Information given section start
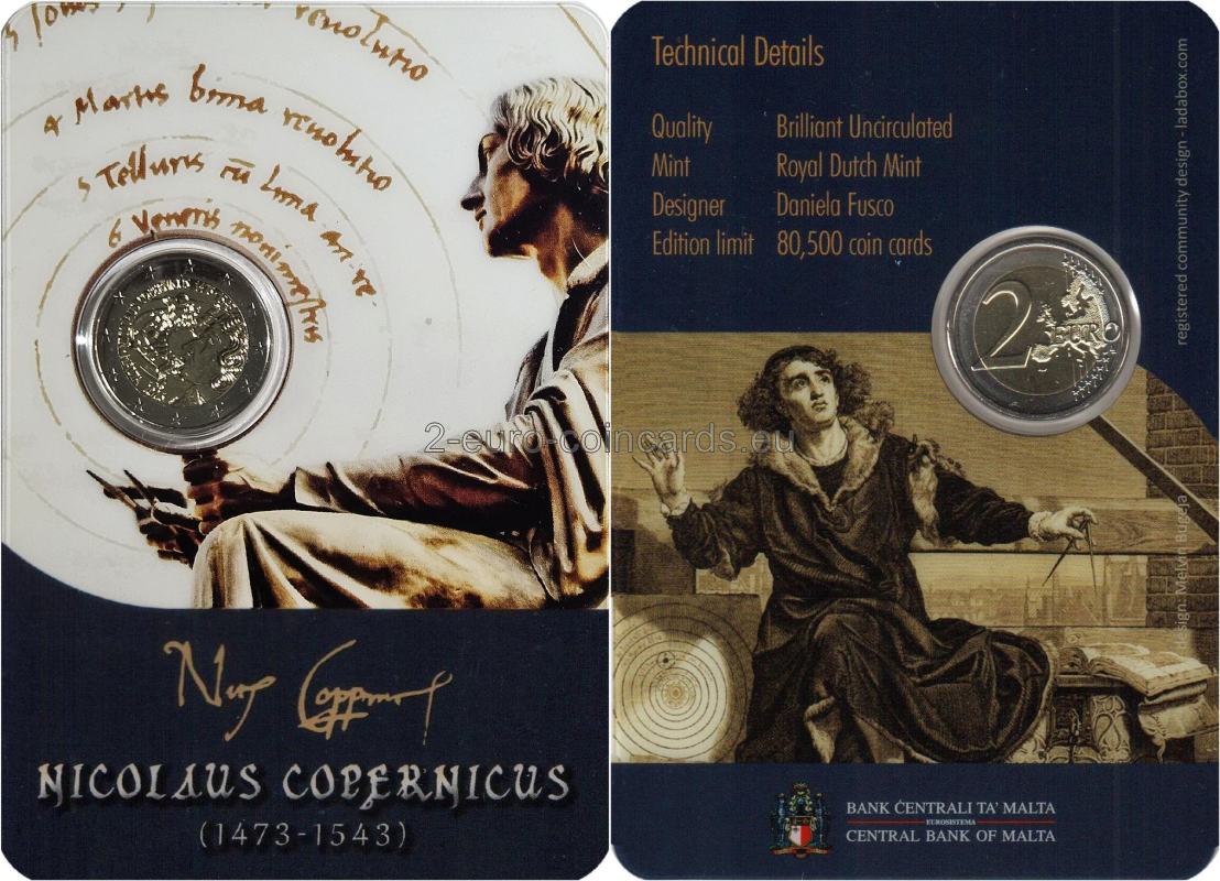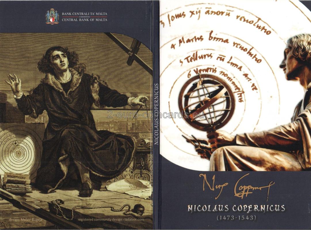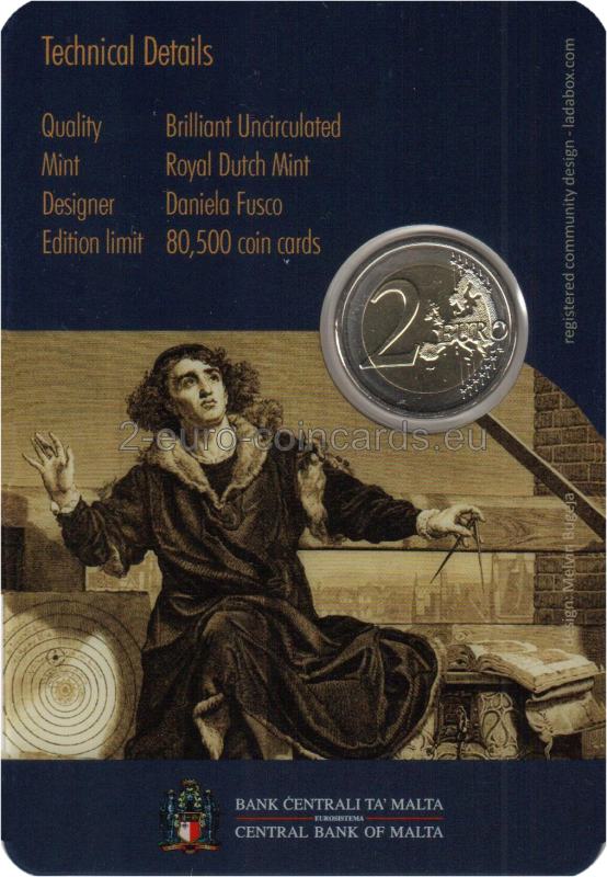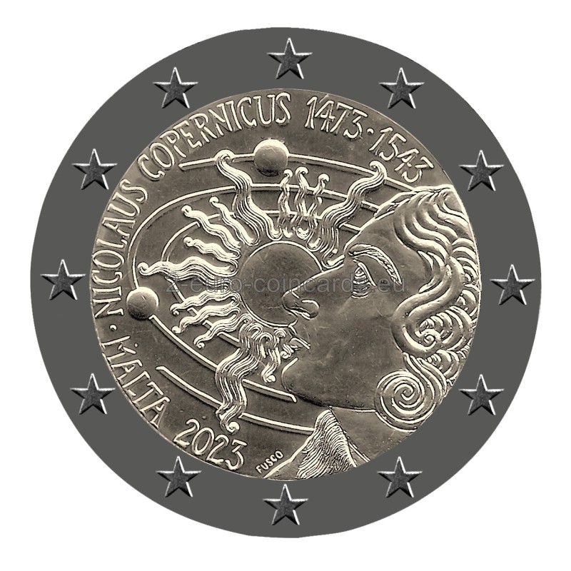 Na minci je vyobrazený portrét Kopernika z profilu a štylizované heliocentrické zobrazenie vesmíru podľa jeho návrhu. Vľavo hore sa nachádza nápis „NICOLAUS COPERNICUS 1473 – 1543“, vľavo dole je názov vydávajúcej krajiny „MALTA“ a rok vydania „2023“. Takisto v dolnej časti sa nachádza podpis umelkyne Daniely Fuscoovej „FUSCO“.
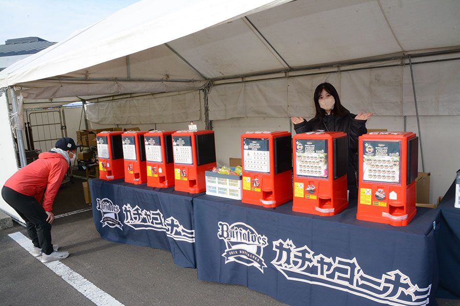 ガチャガチャ、エアーくじ、コロコロチャレンジも大人気。矢野さんは「昨年、選手たちが楽しそうにガチャガチャに挑戦する様子をSNSに投稿したことで、さらに人気が高まりました」。土日には子どもたちで行列ができることもあるそうです。
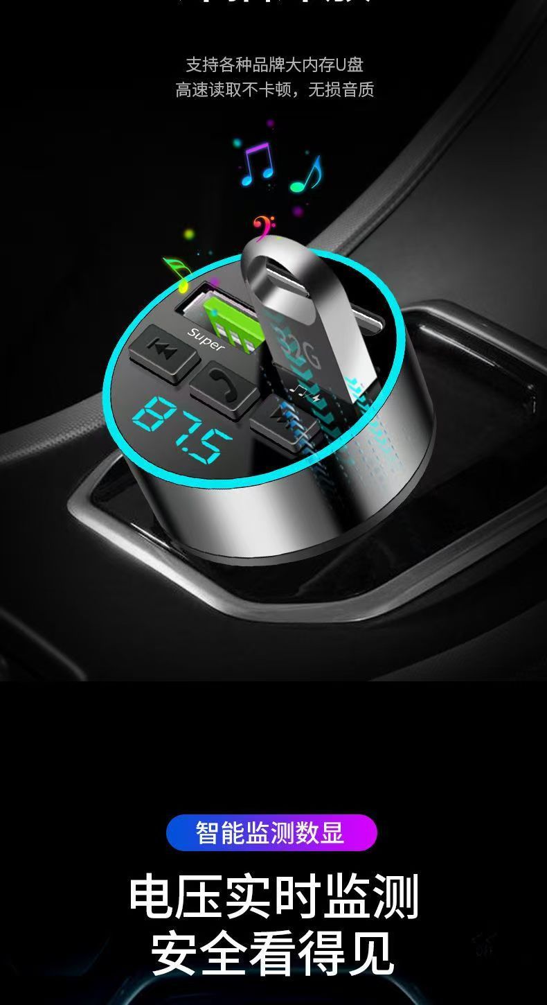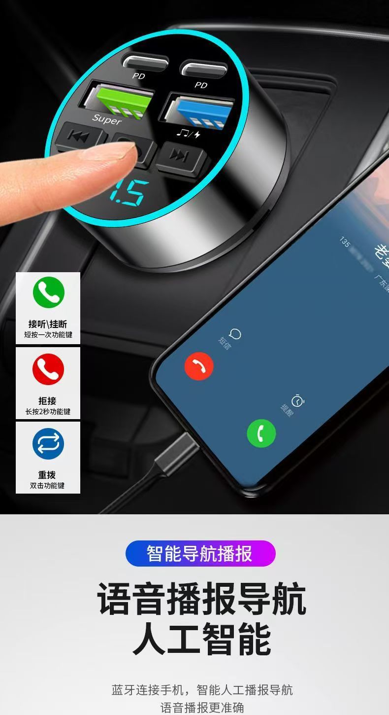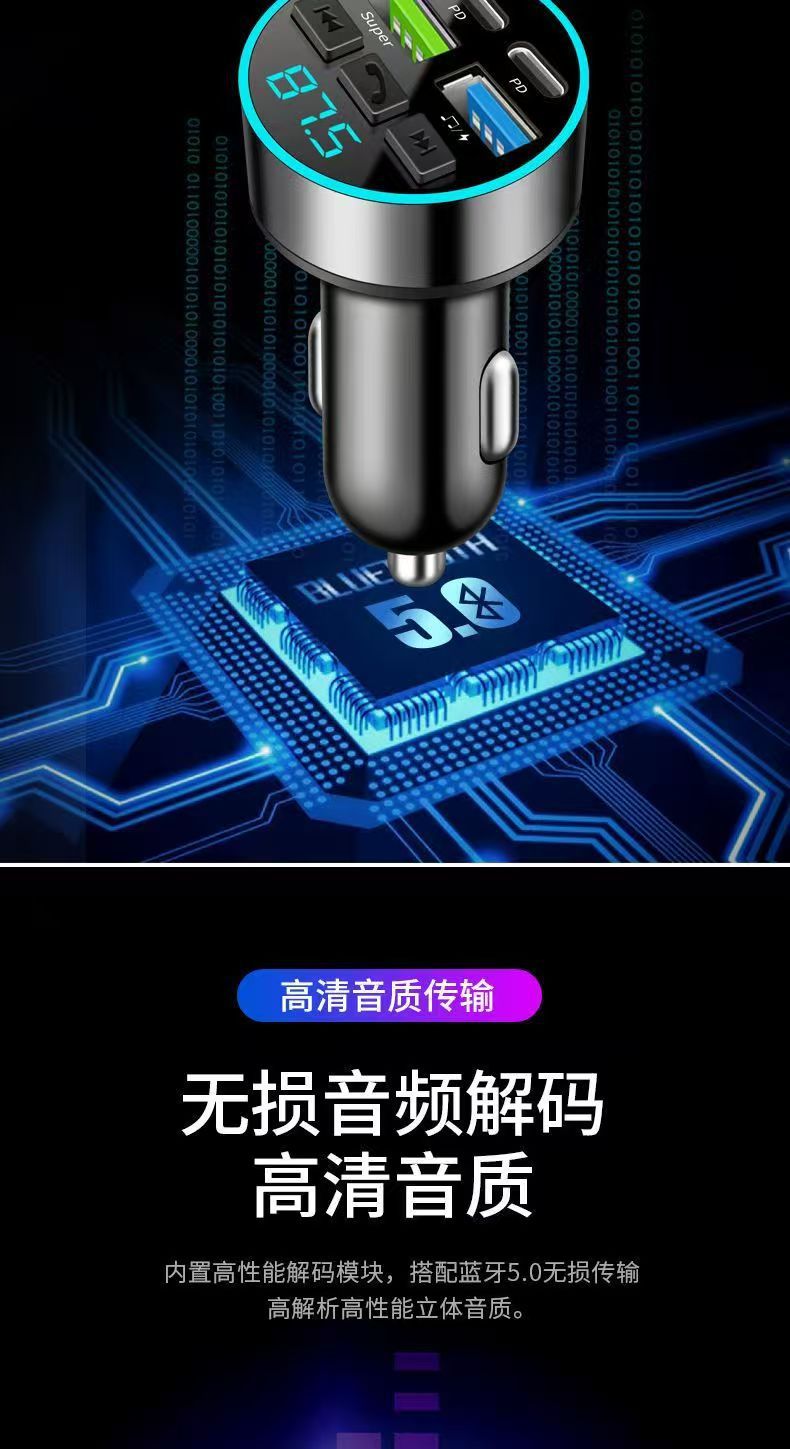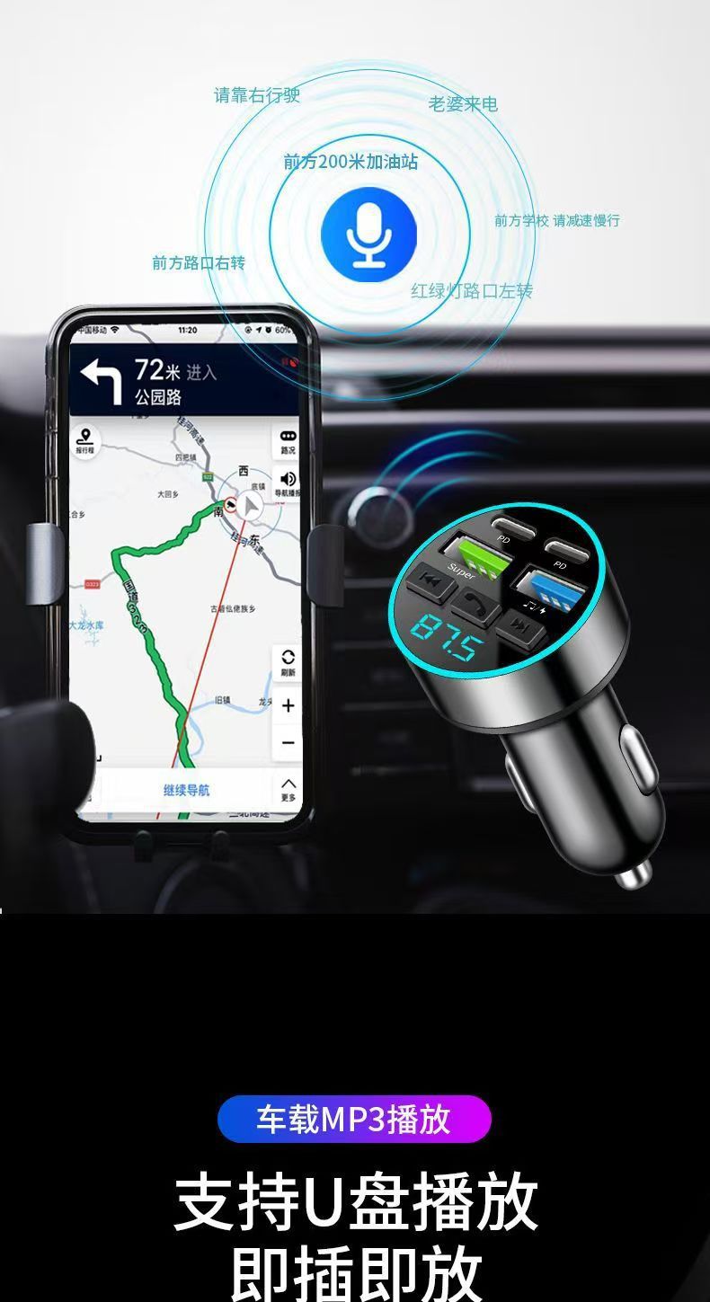 차량용 휴대폰 충전기 초고속 충전 디지털 디스플레이 블루투스 MP3 음악 플레이어 내비게이션 차량용 충전기 고음질
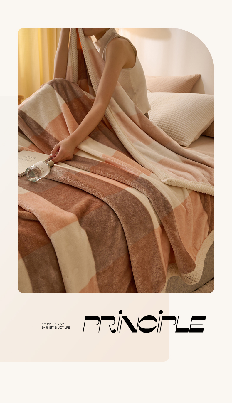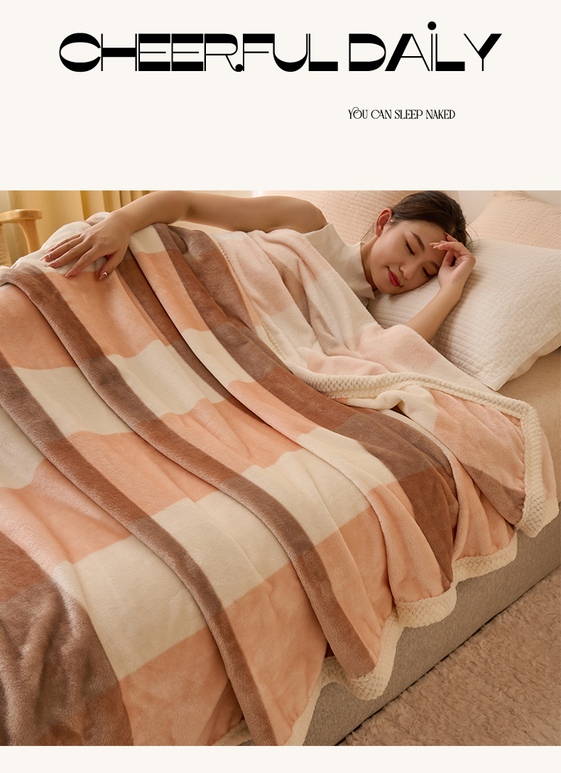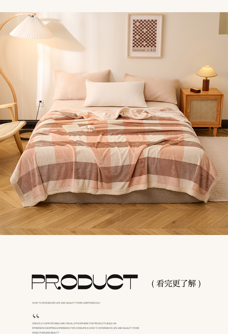 吾诺 2023秋冬 双面加厚无印风双面牛奶绒毯子 法莱绒毛毯 灰粉大格
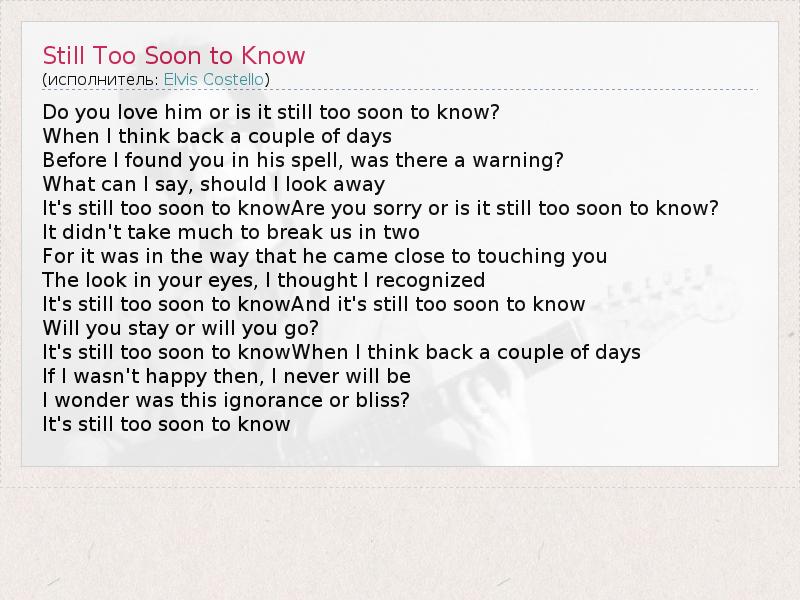 А как ты думаешь, о чем песня "Still Too Soon to Know" ?
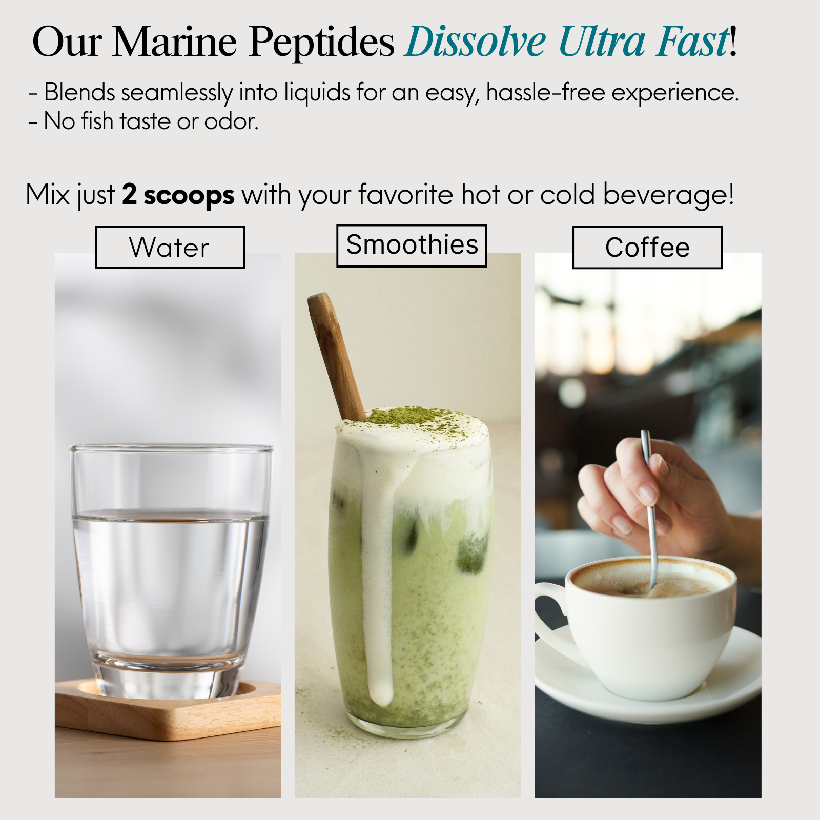 Our collagen supplement is easily digestible and dissolves seamlessly in hot or cold liquids. Simply mix 2 scoops of our Premium Marine Collagen Powder into your favorite foods or beverages, from smoothies to water, for a daily boost that supports healthy hair, skin, nails, and joints.
Information given section end
▶ What the task requires:
All that the answer may contain is the exact text of the lines from the one with "А как ты думаешь, о" through the last line of the material, pictures excluded.

▶ Written solution:
 А как ты думаешь, о чем песня "Still Too Soon to Know" ?
 Our collagen supplement is easily digestible and dissolves seamlessly in hot or cold liquids. Simply mix 2 scoops of our Premium Marine Collagen Powder into your favorite foods or beverages, from smoothies to water, for a daily boost that supports healthy hair, skin, nails, and joints.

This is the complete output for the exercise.